Date: 2012-11-20 12:47 pm (UTC)
From: [identity profile] rapperaddict.livejournal.com
Obviously somewhere out there, Hercules is looking really cool during the day and sleeping warmly at night...

Date: 2012-11-20 01:48 pm (UTC)
From: [identity profile] valkyriekaren.livejournal.com
I know about The Marvellous Toy! It goes zip when it moves and bop when it stops and whirr when it stands still!

if you're really worried about your scales being broken, ask your doctor to weigh you next time you have an appointment. Or pay 50p or whatever to use one of those machines they have in big branches of Boots.

Date: 2012-11-20 02:43 pm (UTC)
From: [identity profile] ladylizbet.livejournal.com
November tends to be mould spore allergy time. I suffer with that in addition to pollen.

What fun!

x

Date: 2012-11-20 07:08 pm (UTC)
From: [identity profile] exspelunca.livejournal.com
Wild Hills o' Wannie. Billy Pigg.

Date: 2012-11-20 09:02 pm (UTC)
From: [identity profile] marjory.livejournal.com
We were taught 'The Marvellous Toy', along with gazillions of weird folk songs in Infant School. The teacher was, of course, Chris Taylor, who it turned out was in various folk bands. Scarred for life, I tell'ee!

I particularly remember said song because it was the engine of me and Andrew Prest acting up one singing session. Being all of 6 and terribly witty with it, we couldn't resist sticking in 'rude' noises instead of the zips and bops. Teacher did not share our amusement, although he really should have seen it coming, methinks.
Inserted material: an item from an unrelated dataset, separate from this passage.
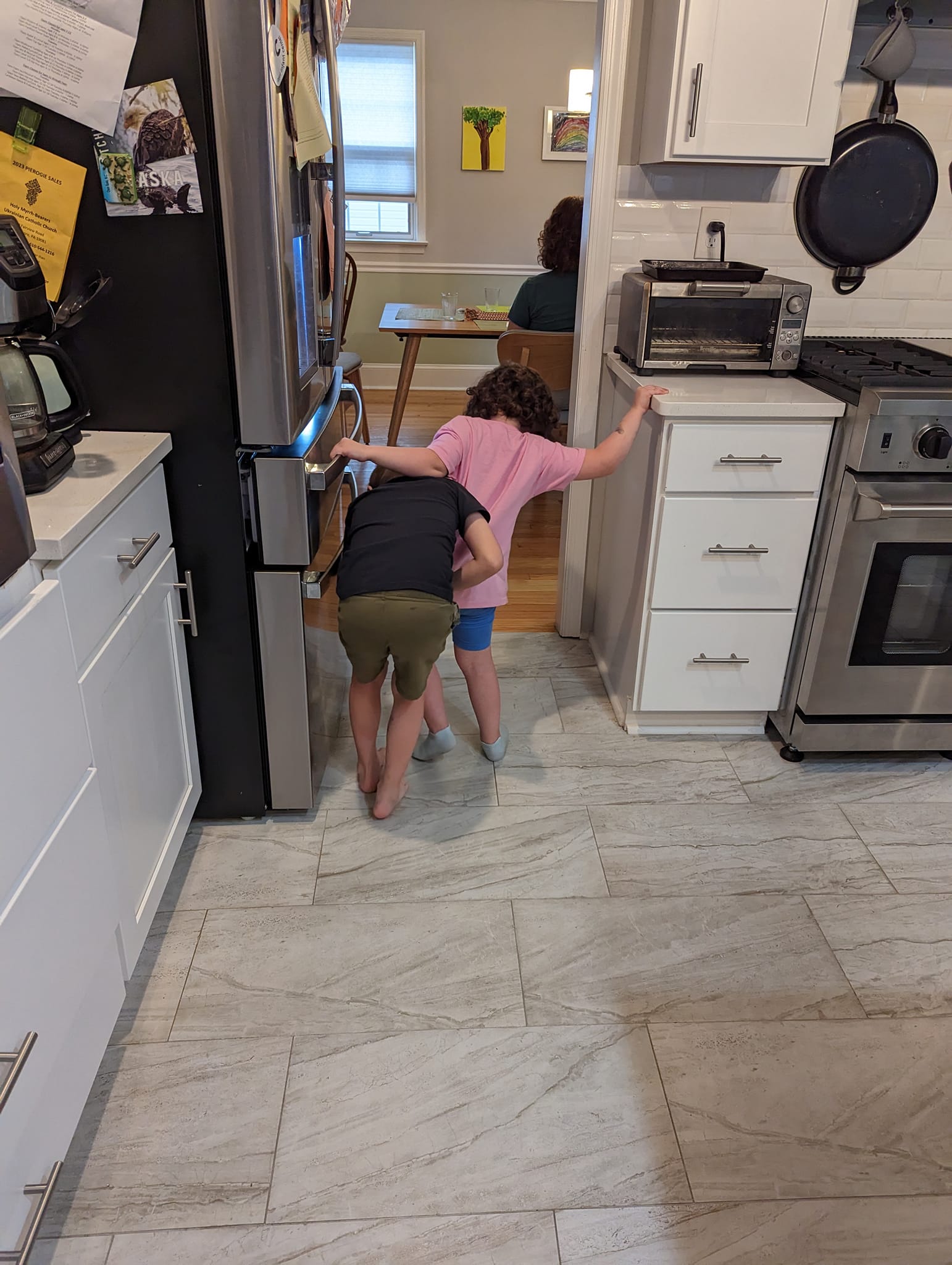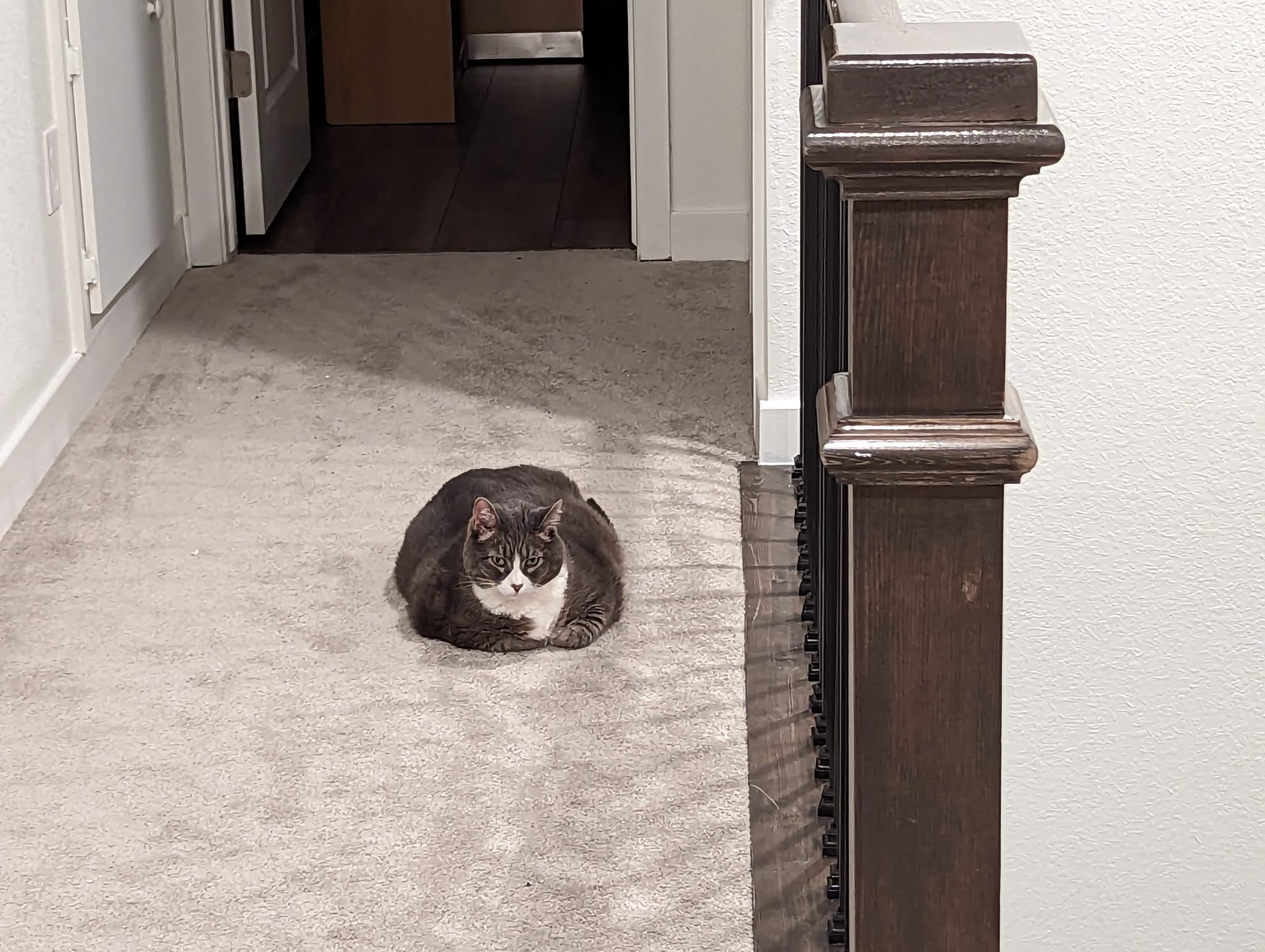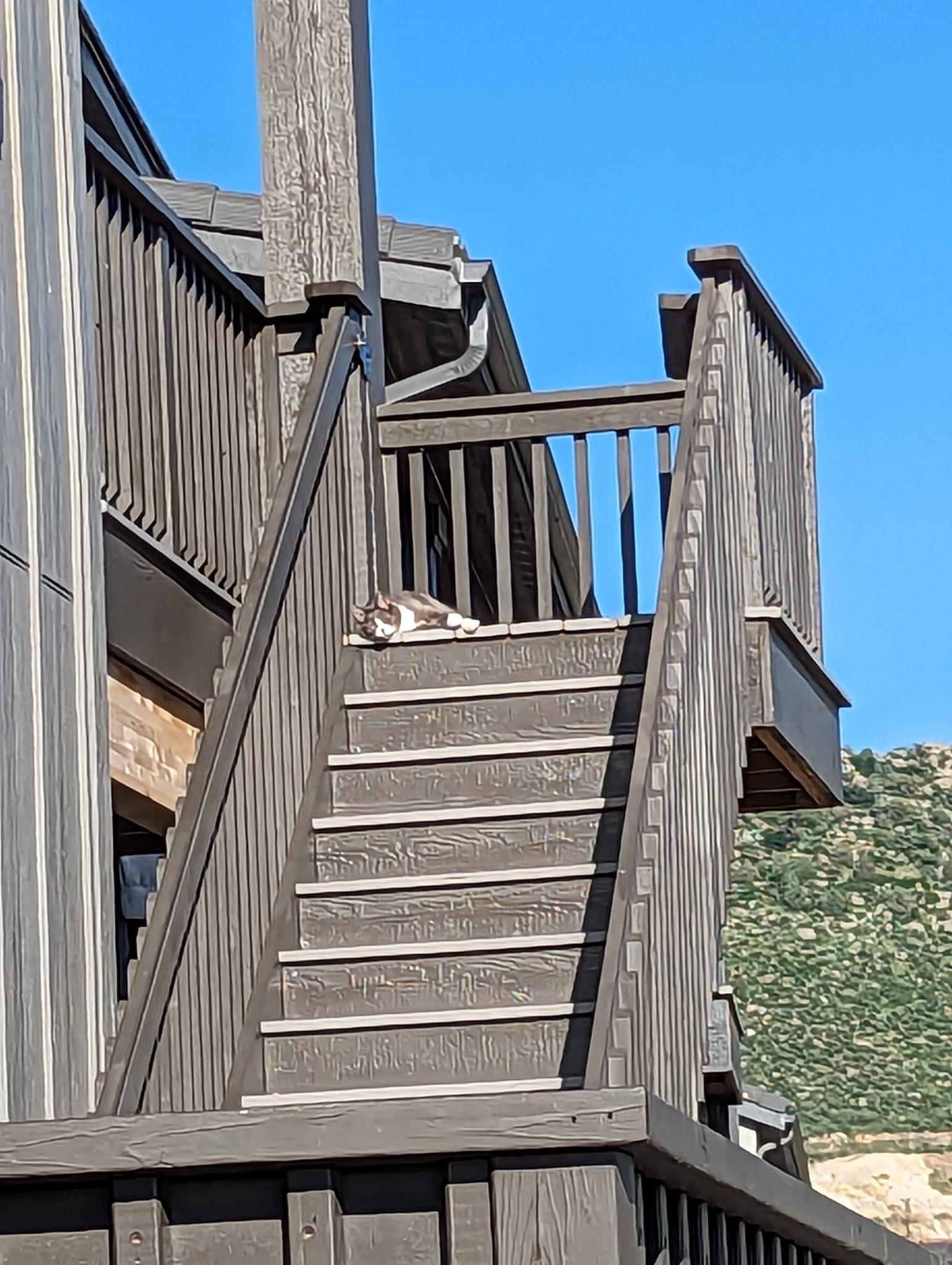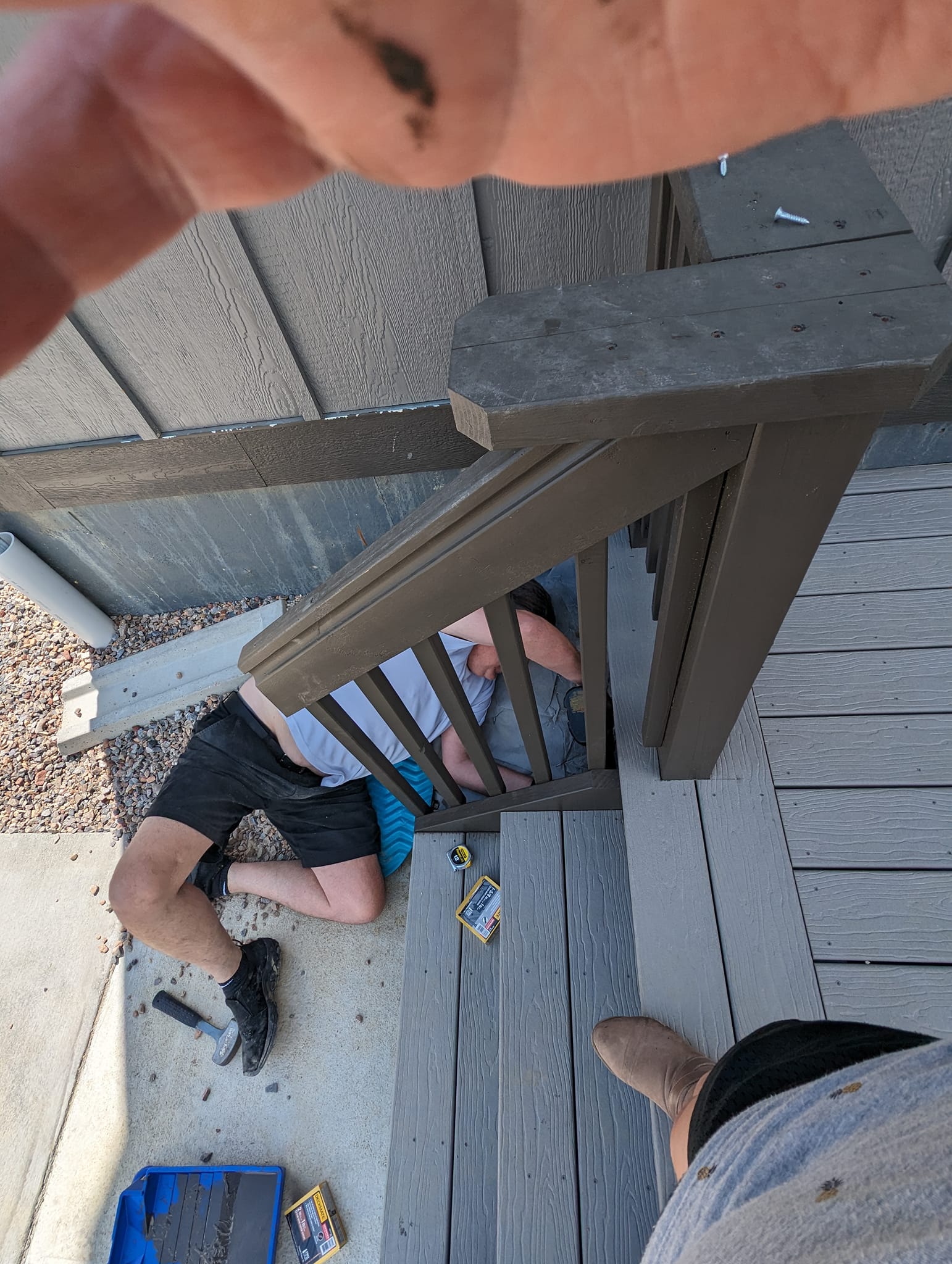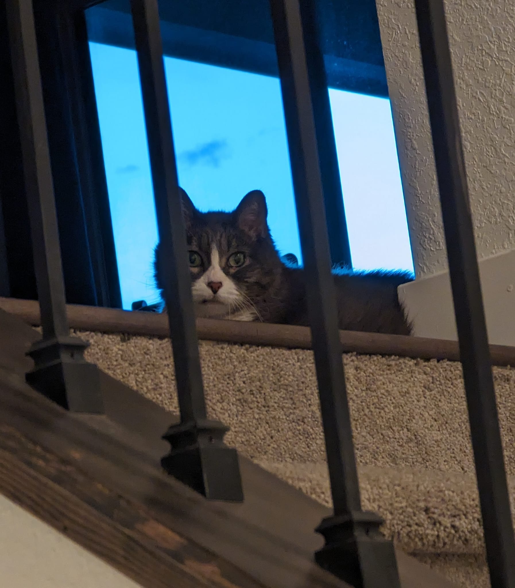 Ziggy's infinity stairs project was a success! Go out the basement door, walk to the stairs. Pause at the bottom of the stairs for an existential crisis....what comes after the project is complete? Sit on the stairs and relish the moment. Then, finish the job! In through the dining room door! ....well, and for good measure, drive the project manager in your life a little crazy through scope creep ...we had to go sit outside the front door, too.

Date: 2012-11-21 06:30 pm (UTC)
From: [identity profile] feanelwa.livejournal.com
When you say hayfever, is it mostly sneezing and runny nose or headachey and short of breath? I just saw a thing about carbon monoxide on TV and thought of you.

Date: 2012-11-21 09:39 pm (UTC)
From: [identity profile] exspelunca.livejournal.com
Chris Taylow, now retired, is still singing in folk clubs locally.

Date: 2012-11-21 09:40 pm (UTC)
From: [identity profile] exspelunca.livejournal.com
Taylor (cold hands after choir practice in freezing room)

Date: 2012-12-03 02:25 pm (UTC)
From: (Anonymous)
I get smoke allergies in November, due to it getting cold and everyone lighting their wood fires.

re: damp. Kitty litter can absorb the moisture, and is cheap.